If the names you have are not already separated into first and last name variables, here is a trick to do that:
Create a tibble using the tibble()
function from the dplyr
package. Then, use the extract()
function from tidyr
, along with some regular expressions, to create a first and last name variable:
my_names <- dplyr::tibble("name" = c("Josiah Carberry", "Clarke Iakovakis"))
my_clean_names <- my_names %>%
tidyr::extract(name, c("FirstName", "LastName"), "([^ ]+) (.*)")
my_clean_names
Again, we can unnest if we wish, knowing we’ll multiply the number of rows even more now, because we have more values. For instance, if we unnest keywords, we’ll now have 5 columns (2 keywords for carberry, and 3 keywords for iakovakis):
my_orcid_person_keywords <- my_orcid_person_data %>%
tidyr::unnest(keywords)
my_orcid_person_keywords
We can write this data to CSV using one of the three strategies outlined above. I’ll use #3 and coerce all list columns to character.
my_orcid_person_data_mutated <- my_orcid_person_data %>%
dplyr::mutate(keywords = as.character(keywords)) %>%
dplyr::mutate(other_names = as.character(other_names)) %>%
dplyr::mutate(researcher_urls = map(my_orcid_person_data$researcher_urls, purrr::pluck, "url.value", .default=NA_character_)) %>%
dplyr::mutate(external_ids = as.character(map(my_orcid_person_data$external_ids, purrr::pluck, "external-id-url.value", .default=NA_character_)))
write_csv(carberry_data_mutated, "C:/Users/MyUserName/Desktop/carberry_data3.csv")
In addition to biographical data, we can also get employment data with orcid_employments()
.
clarke_employment <- rorcid::orcid_employments(orcid = "0000-0002-9260-8456")
listviewer::jsonedit(clarke_employment, mode = "view")
Again it comes in a series of nested lists, but we’ll just pluck()
what we need and use flatten_dfr()
to flatten the lists into a data frame. We will also use the anydate()
function to go ahead and convert the dates while we’re at it.
clarke_employment_data <- clarke_employment %>%
purrr::map(., purrr::pluck, "affiliation-group", "summaries") %>%
purrr::flatten_dfr() %>%
janitor::clean_names() %>%
dplyr::mutate(employment_summary_end_date = anytime::anydate(employment_summary_end_date/1000),
employment_summary_created_date_value = anytime::anydate(employment_summary_created_date_value/1000),
employment_summary_last_modified_date_value = anytime::anydate(employment_summary_last_modified_date_value/1000))
The column names are pretty messy here.
names(clarke_employment_data)
## [1] "employment_summary_put_code"
## [2] "employment_summary_department_name"
## [3] "employment_summary_role_title"
## [4] "employment_summary_end_date"
## [5] "employment_summary_external_ids"
## [6] "employment_summary_display_index"
## [7] "employment_summary_visibility"
## [8] "employment_summary_path"
## [9] "employment_summary_created_date_value"

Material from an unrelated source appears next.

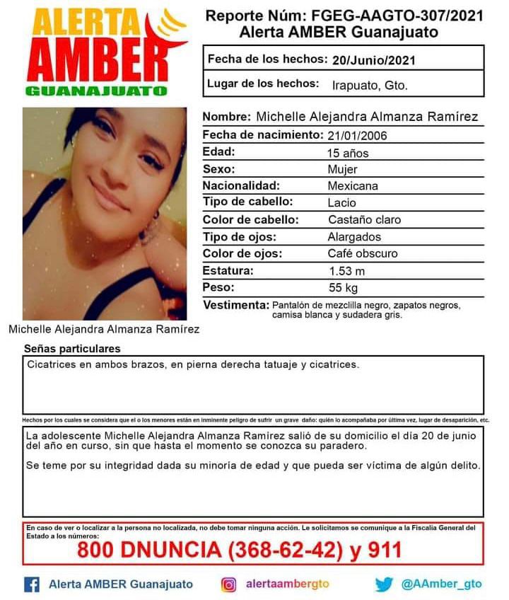 La menor salió de su casa ubicada en el municipio de Irapuato, sin que sus familiares supieran su paradero desde el día 20 de junio del presente año,

## [10] "employment_summary_last_modified_date_value"
## [11] "employment_summary_source_source_client_id"
## [12] "employment_summary_source_assertion_origin_orcid"
## [13] "employment_summary_source_assertion_origin_client_id"
## [14] "employment_summary_source_assertion_origin_name"
## [15] "employment_summary_source_source_orcid_uri"
## [16] "employment_summary_source_source_orcid_path"
## [17] "employment_summary_source_source_orcid_host"
## [18] "employment_summary_source_source_name_value"
## [19] "employment_summary_start_date_year_value"
## [20] "employment_summary_start_date_month_value"
## [21] "employment_summary_start_date_day_value"
## [22] "employment_summary_organization_name"
## [23] "employment_summary_organization_address_city"
## [24] "employment_summary_organization_address_region"
## [25] "employment_summary_organization_address_country"
## [26] "employment_summary_organization_disambiguated_organization_disambiguated_organization_identifier"
## [27] "employment_summary_organization_disambiguated_organization_disambiguation_source"
## [28] "employment_summary_url_value"
## [29] "employment_summary_url"
## [30] "employment_summary_end_date_year_value"
## [31] "employment_summary_end_date_month_value"
## [32] "employment_summary_end_date_day_value"
## [33] "employment_summary_start_date_day"
## [34] "employment_summary_end_date_day"
We’ll clean them up a bit by using the str_replace()
function from stringr
. You can think of this as analogous to Find + Replace in word processing. We take the names()
of the data, and replace each of the phrases with nothing (i.e. the set of empty quotes).
names(clarke_employment_data) <- names(clarke_employment_data) %>%
stringr::str_replace(., "employment_summary_", "") %>%
stringr::str_replace(., "source_source_", "") %>%
stringr::str_replace(., "organization_disambiguated_", "")
names(clarke_employment_data)
## [1] "put_code"
## [2] "department_name"
## [3] "role_title"
## [4] "end_date"
## [5] "external_ids"
## [6] "display_index"
## [7] "visibility"
## [8] "path"
## [9] "created_date_value"
## [10] "last_modified_date_value"
## [11] "client_id"
## [12] "source_assertion_origin_orcid"
## [13] "source_assertion_origin_client_id"
## [14] "source_assertion_origin_name"
## [15] "orcid_uri"
## [16] "orcid_path"
## [17] "orcid_host"
## [18] "name_value"
## [19] "start_date_year_value"
## [20] "start_date_month_value"
## [21] "start_date_day_value"
## [22] "organization_name"
## [23] "organization_address_city"
## [24] "organization_address_region"
## [25] "organization_address_country"
## [26] "organization_disambiguated_organization_identifier"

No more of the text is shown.